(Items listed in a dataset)
• • • •
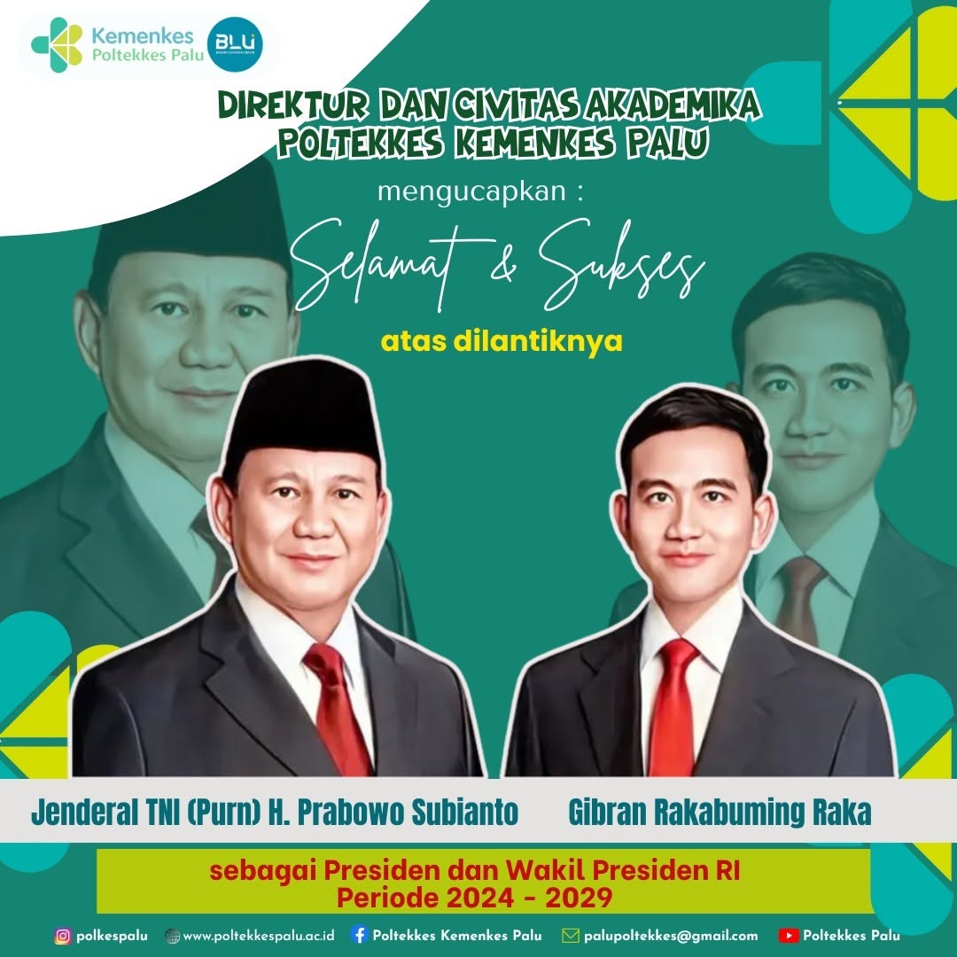Direktur dan Civitas Akademika Poltekkes Kemenkes Palu mengucapakan Selamat dan Sukses atas Pelantikan Bapak Jendral TNI(Purn) H. Prabowo Subianto dan Gibran Rakabuming Raka sebagai Presiden RI dan Wakil Presiden RI. periode 2024-2029.
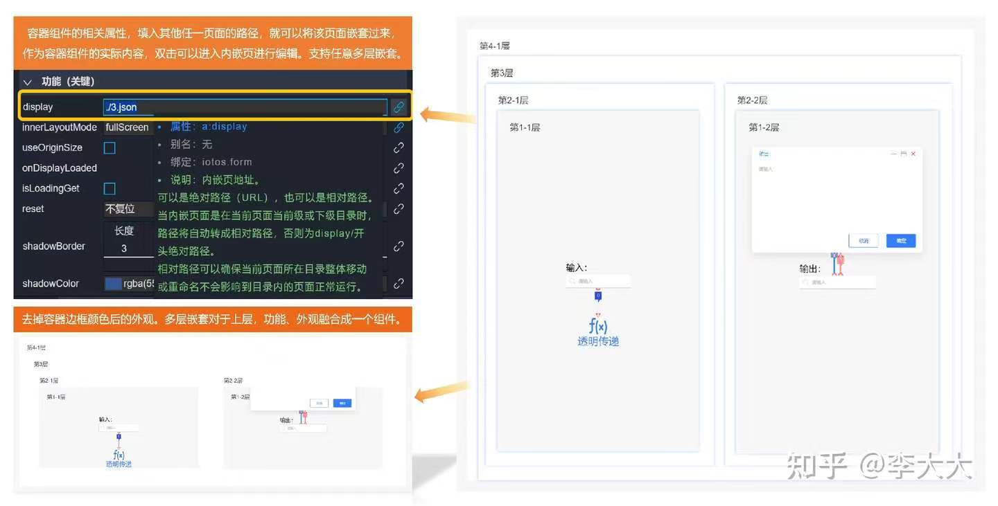 蓝图连线尤其是独创的页面嵌套和属性继承技术,好家伙相当于把vue的组件化、增量式面向对象开发,直接搬到前端拖拽工具上,无代码编程了。
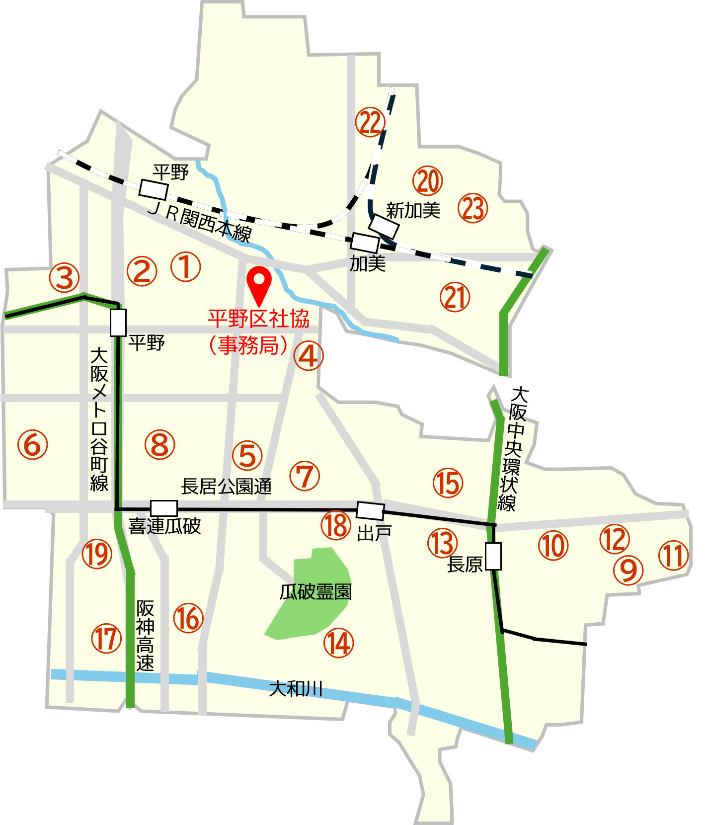 | 1 | 平野 | 平野連合会館内 | 平野上町2-5-22 | 06-6791-6662 |
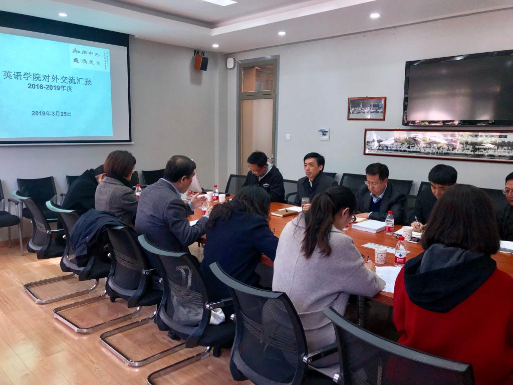 米兰milan官方网站国际交流主管副院长谢韬代表学院就相关工作做以简要汇报。汇报从我院国际交流理念及措施入手,分别介绍了米兰milan官方网站海外合作项目、来华留学生项目、教师出国进修、海外专家聘请及外事活动等情况,最后提出了学院现工作中面临的几点问题。与会人员就相关问题进行了深度探讨,包括如何解决留学生学籍管理、系统数据统计问题,外籍教师工资及国民化待遇问题,学院相关工作安排等。随后,米兰milan官方网站院长张剑、党总支书记路兴、研究生教学主管副院长王展鹏、翻译方向负责人吴文安、本科教学主管赵冬等人也分别简述了学院目前相关工作情况及问题。
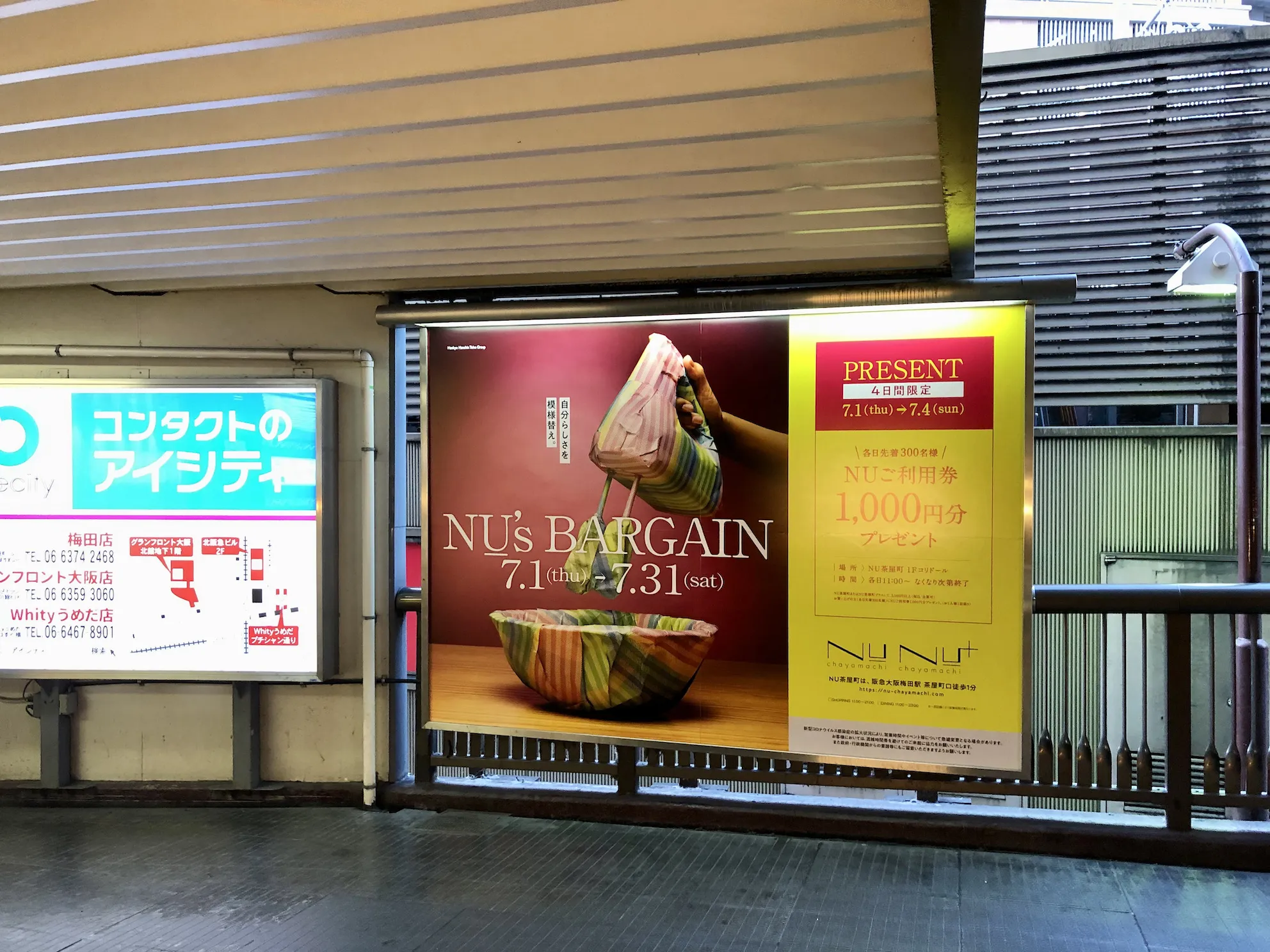 NU茶屋町もバーゲン告知を行っています。阪急大阪梅田駅のエスカレーター横や、ルクア・ヨドバシカメラと駅をつなぐ通路に掲出されていました。集中的な掲出や、大きいサイズでの掲出によって、インパクトのあるPRになっています。
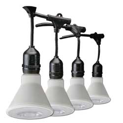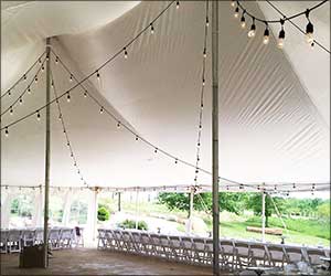 String lights with standard output light bulbs (750 lumen, 60WIE, 7W LED) and high output bulbs (1500 lumen, 100WIE, 12W LED) are used when bright work areas are needed (such as for sales, work areas, training, etc.) Bulbs are spaced 2-ft apart so a large 30x40 tent would have 20 bulbs. Multiple lines are run depending upon the width and brightness wanted. 100WIE bulbs are twice as bright at 60WIE, so do more with less. Cost is only slightly higher than the more decorative bulbs discussed above. |
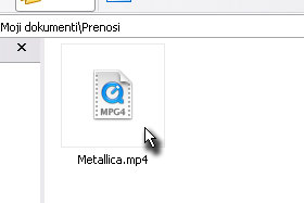 V novem oknu z raziskovalcem v polje Ime datoteke vpišite želeno ime in dodajte končnico .mp4 (glej sliko) ter potrdite na gumb Shrani.
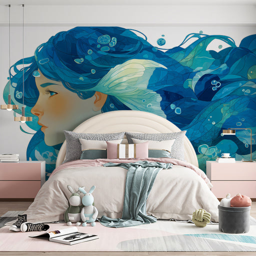 The Ethereal Abstract Celestial Orb Mural Wallpaper is a dreamy, liquid, and atmospheric artwork. It features a translucent, planet-like sphere rendered in soft watercolor washes of deep blue, amber, and sky blue. The bleeding colors and soft-focus textures create a sense of cosmic mystery and peaceful suspension. This mural is ideal for a tranquil bedroom, a creative living room, or a space where a sense of infinite wonder is desired.
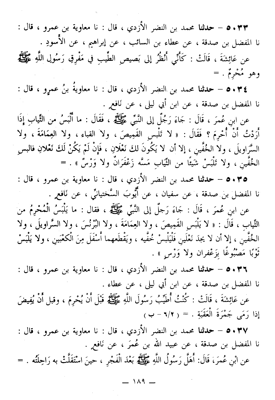 5035 - حَدَّثَنَا مُحَمَّدُ بْنُ النَّضْرِ الْأَزْدِيُّ قَالَ: نَا مُعَاوِيَةُ بْنُ عَمْرٍو قَالَ: نَا الْمُفَضَّلُ بْنُ صَدَقَةَ، عَنْ سُفْيَانَ، عَنْ أَيُّوبَ السَّخْتِيَانِيِّ، عَنْ نَافِعٍ، عَنِ ابْنِ عُمَرَ قَالَ: جَاءَ رَجُلٌ إِلَى النَّبِيِّ صَلَّى اللهُ عَلَيْهِ وَسَلَّمَ، فَقَالَ: §مَا يَلْبَسُ الْمُحْرِمُ مِنَ الثِّيَابِ؟ قَالَ: «لَا يَلْبَسُ الْقَمِيصَ، وَلَا الْعِمَامَةَ، وَلَا الْبُرْنُسَ، وَلَا السَّرَاوِيلَ، وَلَا الْخُفَّيْنِ، إِلَّا أَنْ لَا يَجِدَ نَعْلَيْنِ فَلْيَلْبَسْ خُفَّيْهِ، وَيَقْطَعْهُمَا أَسْفَلَ مِنَ الْكَعْبَيْنِ، وَلَا يَلْبَسُ ثَوْبًا مَصْبُوغًا بِزَعْفَرَانٍ وَلَا وَرْسٍ»
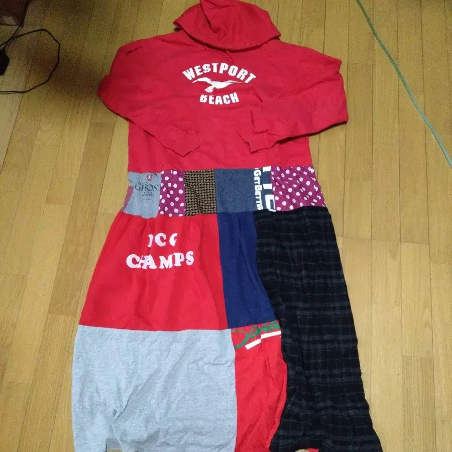 구제 의류 리메이크 후드 부착 패치워크 원피스 빨간색
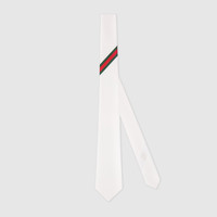 Introducing Spring Summer 2026. Silk and soft accessories designs continue to reinterpret emblematic codes through a creative lens in the La Famiglia collection, such as this tie with a Gucci Crest detail. - White Web silk jacquard - Gucci crest label - 2.75”W x 57.5”L - Made in Italy - Main fabric: silk 100%; lining: cupro 60%, silk 40%
• • • •
**ASSIGNMENT**
Once the line holding "구제 의류 리메이크 후드 부착 패치워크 원피스 빨간색" is found, set down that line and every line after it, exactly, through the last line of the records above, omitting pictures.

**RESPONSE BOX**
 구제 의류 리메이크 후드 부착 패치워크 원피스 빨간색
 Introducing Spring Summer 2026. Silk and soft accessories designs continue to reinterpret emblematic codes through a creative lens in the La Famiglia collection, such as this tie with a Gucci Crest detail. - White Web silk jacquard - Gucci crest label - 2.75”W x 57.5”L - Made in Italy - Main fabric: silk 100%; lining: cupro 60%, silk 40%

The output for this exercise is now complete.